## Exercise aim
Give back the lines of the entries below exactly as written, from the first line to the line holding "A free squeegee", both included, with the pictures omitted.

Stored entries

......

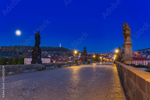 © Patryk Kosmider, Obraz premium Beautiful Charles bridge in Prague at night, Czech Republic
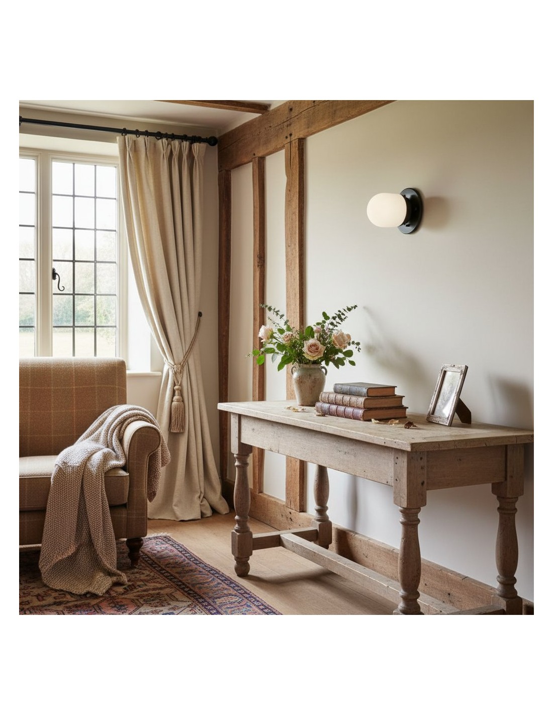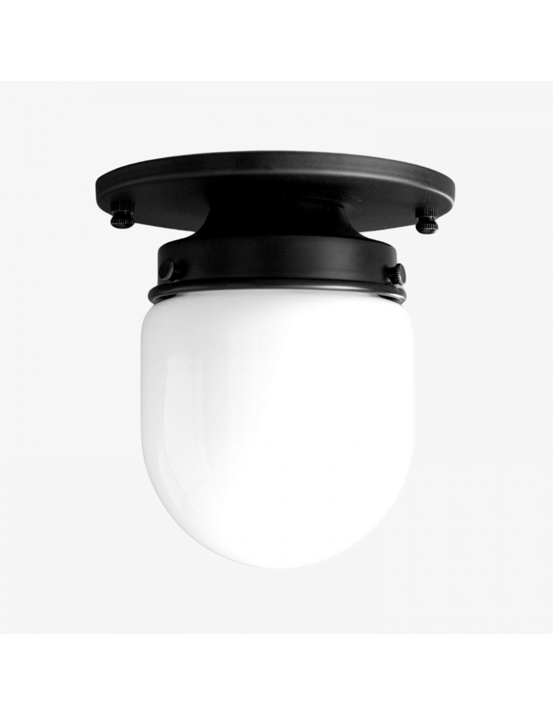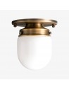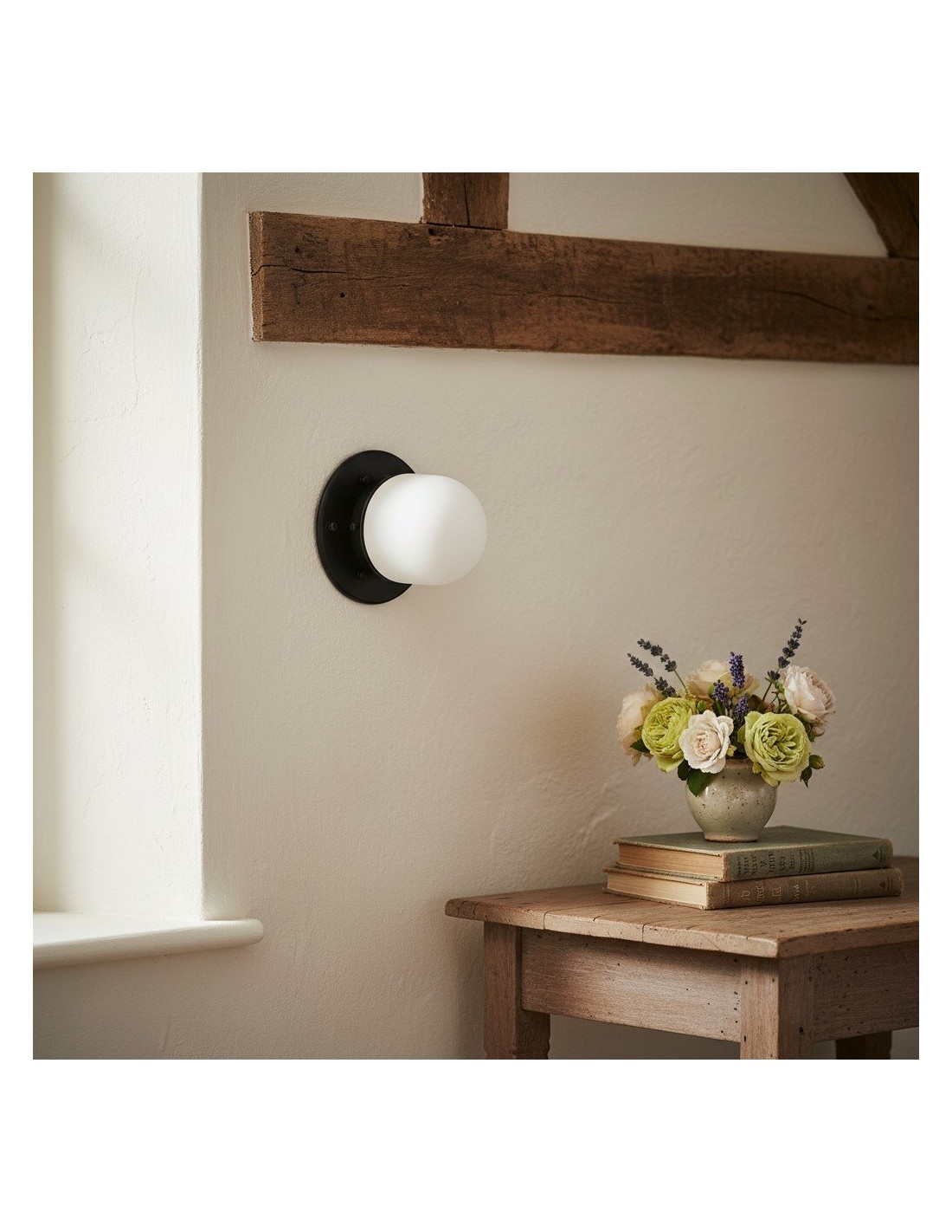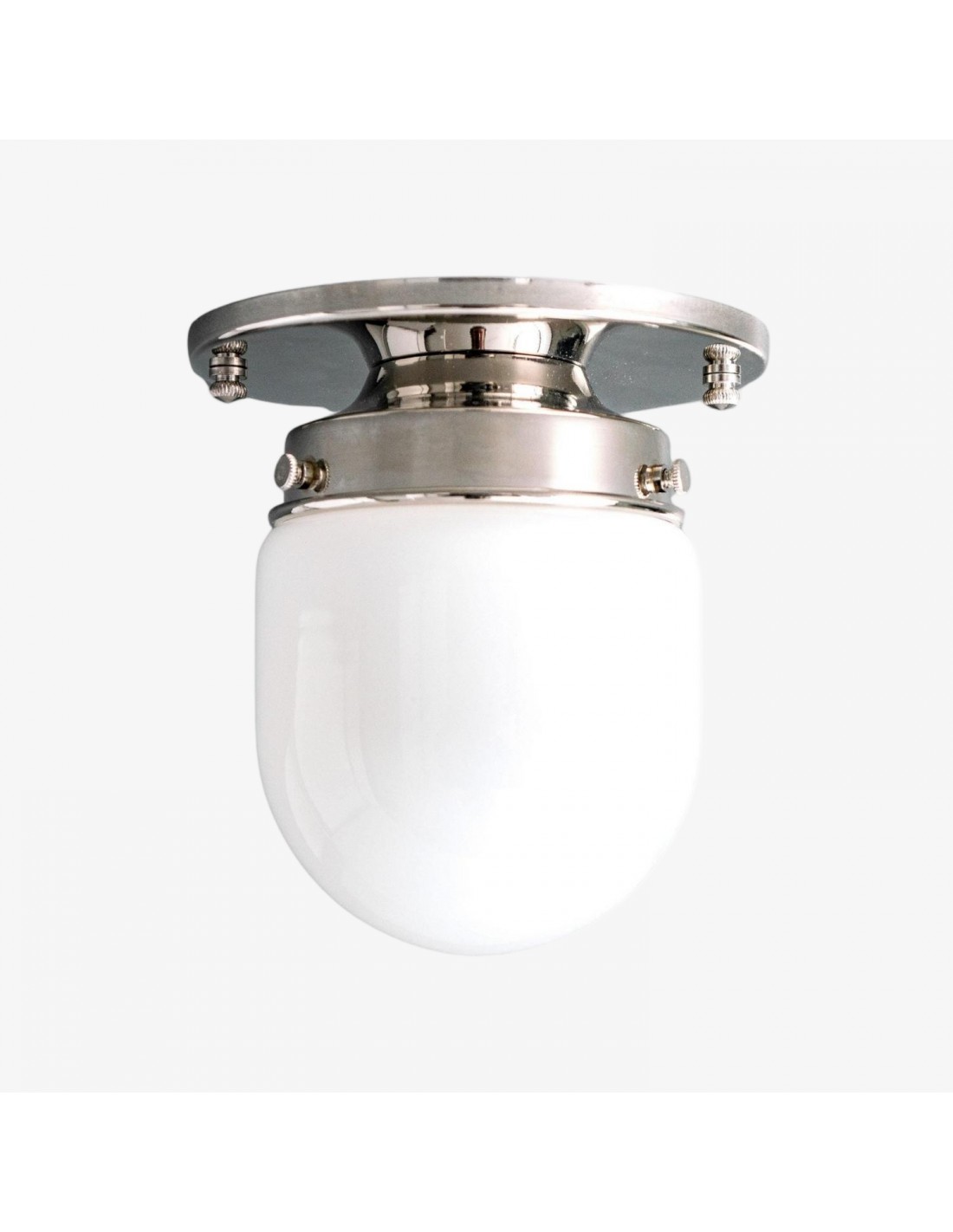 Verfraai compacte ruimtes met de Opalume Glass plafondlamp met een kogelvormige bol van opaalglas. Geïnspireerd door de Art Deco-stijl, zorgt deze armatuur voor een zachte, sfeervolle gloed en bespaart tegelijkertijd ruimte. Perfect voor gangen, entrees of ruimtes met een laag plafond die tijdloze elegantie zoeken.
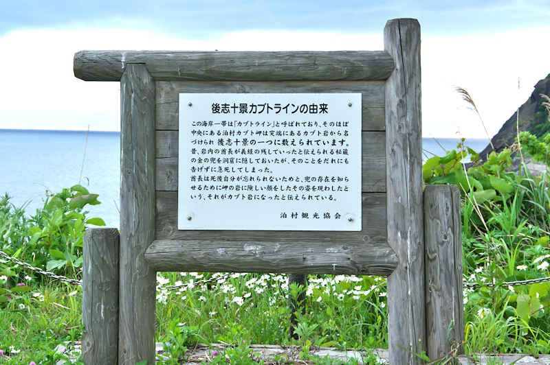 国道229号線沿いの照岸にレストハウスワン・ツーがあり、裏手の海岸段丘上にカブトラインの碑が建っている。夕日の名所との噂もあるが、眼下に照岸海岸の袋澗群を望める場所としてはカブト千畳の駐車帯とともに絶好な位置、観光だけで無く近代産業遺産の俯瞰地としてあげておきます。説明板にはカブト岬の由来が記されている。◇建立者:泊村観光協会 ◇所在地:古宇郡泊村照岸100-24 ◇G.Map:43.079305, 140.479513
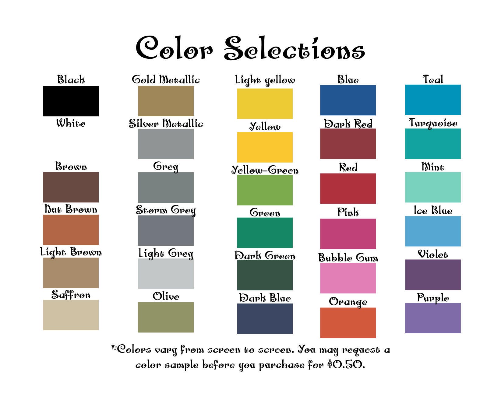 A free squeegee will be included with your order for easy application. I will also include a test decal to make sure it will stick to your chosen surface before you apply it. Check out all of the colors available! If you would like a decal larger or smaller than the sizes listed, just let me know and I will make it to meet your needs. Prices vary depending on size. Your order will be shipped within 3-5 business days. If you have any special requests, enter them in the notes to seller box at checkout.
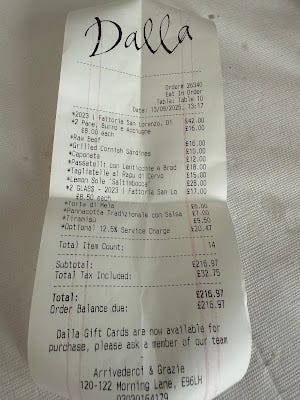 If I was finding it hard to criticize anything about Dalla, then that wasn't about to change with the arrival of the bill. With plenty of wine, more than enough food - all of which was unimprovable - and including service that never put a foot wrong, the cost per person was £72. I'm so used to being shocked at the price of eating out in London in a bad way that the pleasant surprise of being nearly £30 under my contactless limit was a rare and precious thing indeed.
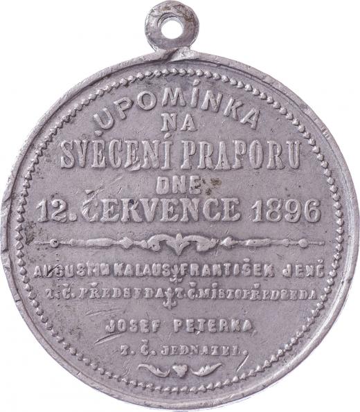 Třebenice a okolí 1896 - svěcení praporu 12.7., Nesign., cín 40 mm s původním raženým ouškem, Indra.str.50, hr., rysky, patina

......

## Answer to the exercise
 © Patryk Kosmider, Obraz premium Beautiful Charles bridge in Prague at night, Czech Republic
 Verfraai compacte ruimtes met de Opalume Glass plafondlamp met een kogelvormige bol van opaalglas. Geïnspireerd door de Art Deco-stijl, zorgt deze armatuur voor een zachte, sfeervolle gloed en bespaart tegelijkertijd ruimte. Perfect voor gangen, entrees of ruimtes met een laag plafond die tijdloze elegantie zoeken.
 国道229号線沿いの照岸にレストハウスワン・ツーがあり、裏手の海岸段丘上にカブトラインの碑が建っている。夕日の名所との噂もあるが、眼下に照岸海岸の袋澗群を望める場所としてはカブト千畳の駐車帯とともに絶好な位置、観光だけで無く近代産業遺産の俯瞰地としてあげておきます。説明板にはカブト岬の由来が記されている。◇建立者:泊村観光協会 ◇所在地:古宇郡泊村照岸100-24 ◇G.Map:43.079305, 140.479513
 A free squeegee will be included with your order for easy application. I will also include a test decal to make sure it will stick to your chosen surface before you apply it. Check out all of the colors available! If you would like a decal larger or smaller than the sizes listed, just let me know and I will make it to meet your needs. Prices vary depending on size. Your order will be shipped within 3-5 business days. If you have any special requests, enter them in the notes to seller box at checkout.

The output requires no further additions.